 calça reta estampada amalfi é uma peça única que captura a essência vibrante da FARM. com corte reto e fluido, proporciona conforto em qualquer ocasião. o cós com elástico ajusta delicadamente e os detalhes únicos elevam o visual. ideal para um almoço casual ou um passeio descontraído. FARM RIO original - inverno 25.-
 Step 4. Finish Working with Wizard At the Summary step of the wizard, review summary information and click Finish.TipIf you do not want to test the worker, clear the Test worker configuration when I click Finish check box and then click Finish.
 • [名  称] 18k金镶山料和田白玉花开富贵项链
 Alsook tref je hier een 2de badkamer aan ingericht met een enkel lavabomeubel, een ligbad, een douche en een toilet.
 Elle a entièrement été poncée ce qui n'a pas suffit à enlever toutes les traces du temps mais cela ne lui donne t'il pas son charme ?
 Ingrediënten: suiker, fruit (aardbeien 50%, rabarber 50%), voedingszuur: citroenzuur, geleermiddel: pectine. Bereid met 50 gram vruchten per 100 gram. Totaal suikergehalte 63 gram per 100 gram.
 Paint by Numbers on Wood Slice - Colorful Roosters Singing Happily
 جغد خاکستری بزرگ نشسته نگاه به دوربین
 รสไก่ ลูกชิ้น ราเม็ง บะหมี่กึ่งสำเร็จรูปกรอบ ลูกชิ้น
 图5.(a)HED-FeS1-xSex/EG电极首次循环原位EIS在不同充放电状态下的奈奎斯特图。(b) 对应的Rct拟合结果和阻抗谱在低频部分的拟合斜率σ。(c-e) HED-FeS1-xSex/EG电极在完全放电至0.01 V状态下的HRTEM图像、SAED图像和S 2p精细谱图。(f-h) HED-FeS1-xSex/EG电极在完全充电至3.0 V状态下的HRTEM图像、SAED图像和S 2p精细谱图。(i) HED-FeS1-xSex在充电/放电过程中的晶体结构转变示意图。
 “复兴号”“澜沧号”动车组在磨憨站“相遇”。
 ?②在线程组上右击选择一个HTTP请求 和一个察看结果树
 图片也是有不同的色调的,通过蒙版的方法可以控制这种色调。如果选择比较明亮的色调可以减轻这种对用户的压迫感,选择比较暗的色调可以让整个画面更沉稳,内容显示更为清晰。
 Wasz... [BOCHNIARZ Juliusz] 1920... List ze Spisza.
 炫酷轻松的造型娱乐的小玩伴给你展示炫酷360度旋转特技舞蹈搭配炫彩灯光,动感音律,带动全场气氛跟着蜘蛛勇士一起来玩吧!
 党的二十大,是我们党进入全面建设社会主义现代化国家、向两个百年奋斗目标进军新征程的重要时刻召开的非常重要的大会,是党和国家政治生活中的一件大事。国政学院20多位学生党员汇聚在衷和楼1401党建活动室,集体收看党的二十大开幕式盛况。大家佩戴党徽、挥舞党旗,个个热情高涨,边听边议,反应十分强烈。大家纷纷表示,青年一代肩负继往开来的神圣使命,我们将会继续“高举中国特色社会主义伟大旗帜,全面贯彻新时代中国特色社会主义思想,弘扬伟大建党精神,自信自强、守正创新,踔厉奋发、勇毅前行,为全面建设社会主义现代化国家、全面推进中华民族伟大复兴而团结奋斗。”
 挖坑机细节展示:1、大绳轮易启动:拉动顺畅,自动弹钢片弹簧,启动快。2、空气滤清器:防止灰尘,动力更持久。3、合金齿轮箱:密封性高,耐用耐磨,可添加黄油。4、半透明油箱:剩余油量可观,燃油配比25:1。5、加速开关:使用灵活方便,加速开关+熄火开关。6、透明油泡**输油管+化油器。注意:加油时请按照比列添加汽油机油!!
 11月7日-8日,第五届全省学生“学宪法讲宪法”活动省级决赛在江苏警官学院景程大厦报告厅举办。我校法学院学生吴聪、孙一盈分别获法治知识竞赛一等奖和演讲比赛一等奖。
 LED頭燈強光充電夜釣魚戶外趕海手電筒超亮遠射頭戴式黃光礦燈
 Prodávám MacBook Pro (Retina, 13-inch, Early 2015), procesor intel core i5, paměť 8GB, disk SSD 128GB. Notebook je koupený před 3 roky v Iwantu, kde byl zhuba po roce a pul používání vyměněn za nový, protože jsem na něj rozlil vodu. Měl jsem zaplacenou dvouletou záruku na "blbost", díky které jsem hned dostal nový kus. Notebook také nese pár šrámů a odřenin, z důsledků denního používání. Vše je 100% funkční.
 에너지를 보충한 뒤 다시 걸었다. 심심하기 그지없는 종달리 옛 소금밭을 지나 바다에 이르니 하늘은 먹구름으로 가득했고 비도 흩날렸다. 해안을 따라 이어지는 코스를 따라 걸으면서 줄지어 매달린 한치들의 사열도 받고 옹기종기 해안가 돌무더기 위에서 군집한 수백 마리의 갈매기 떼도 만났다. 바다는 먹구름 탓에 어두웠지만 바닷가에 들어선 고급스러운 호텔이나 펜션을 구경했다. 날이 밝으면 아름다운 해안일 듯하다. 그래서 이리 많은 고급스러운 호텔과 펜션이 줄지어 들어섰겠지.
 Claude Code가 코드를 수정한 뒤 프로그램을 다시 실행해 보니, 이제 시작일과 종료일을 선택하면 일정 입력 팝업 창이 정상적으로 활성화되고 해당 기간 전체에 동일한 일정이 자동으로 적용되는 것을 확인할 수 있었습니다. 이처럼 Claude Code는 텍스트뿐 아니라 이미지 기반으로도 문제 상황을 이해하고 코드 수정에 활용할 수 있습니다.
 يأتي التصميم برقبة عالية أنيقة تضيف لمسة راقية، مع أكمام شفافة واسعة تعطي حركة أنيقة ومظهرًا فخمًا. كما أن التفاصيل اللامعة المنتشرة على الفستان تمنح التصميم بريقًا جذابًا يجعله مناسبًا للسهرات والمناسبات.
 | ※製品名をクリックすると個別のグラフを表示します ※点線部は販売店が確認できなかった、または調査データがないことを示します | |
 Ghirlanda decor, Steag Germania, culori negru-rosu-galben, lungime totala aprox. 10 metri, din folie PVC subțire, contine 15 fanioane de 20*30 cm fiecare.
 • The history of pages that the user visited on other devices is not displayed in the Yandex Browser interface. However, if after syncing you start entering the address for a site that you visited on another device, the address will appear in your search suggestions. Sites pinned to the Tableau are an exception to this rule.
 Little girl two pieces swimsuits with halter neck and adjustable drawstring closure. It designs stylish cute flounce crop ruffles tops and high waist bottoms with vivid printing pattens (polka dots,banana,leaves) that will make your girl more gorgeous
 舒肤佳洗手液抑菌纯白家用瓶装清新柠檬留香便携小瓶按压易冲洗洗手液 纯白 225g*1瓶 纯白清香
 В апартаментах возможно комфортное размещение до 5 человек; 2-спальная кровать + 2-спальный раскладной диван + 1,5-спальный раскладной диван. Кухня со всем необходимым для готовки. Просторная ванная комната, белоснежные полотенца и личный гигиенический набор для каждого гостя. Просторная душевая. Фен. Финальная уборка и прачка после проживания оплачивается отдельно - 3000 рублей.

ASSIGNED TASK —
Every line in the records that holds the word "will" should be copied into the answer.

OUTPUT FOR THIS EXERCISE —
 • The history of pages that the user visited on other devices is not displayed in the Yandex Browser interface. However, if after syncing you start entering the address for a site that you visited on another device, the address will appear in your search suggestions. Sites pinned to the Tableau are an exception to this rule.
 Little girl two pieces swimsuits with halter neck and adjustable drawstring closure. It designs stylish cute flounce crop ruffles tops and high waist bottoms with vivid printing pattens (polka dots,banana,leaves) that will make your girl more gorgeous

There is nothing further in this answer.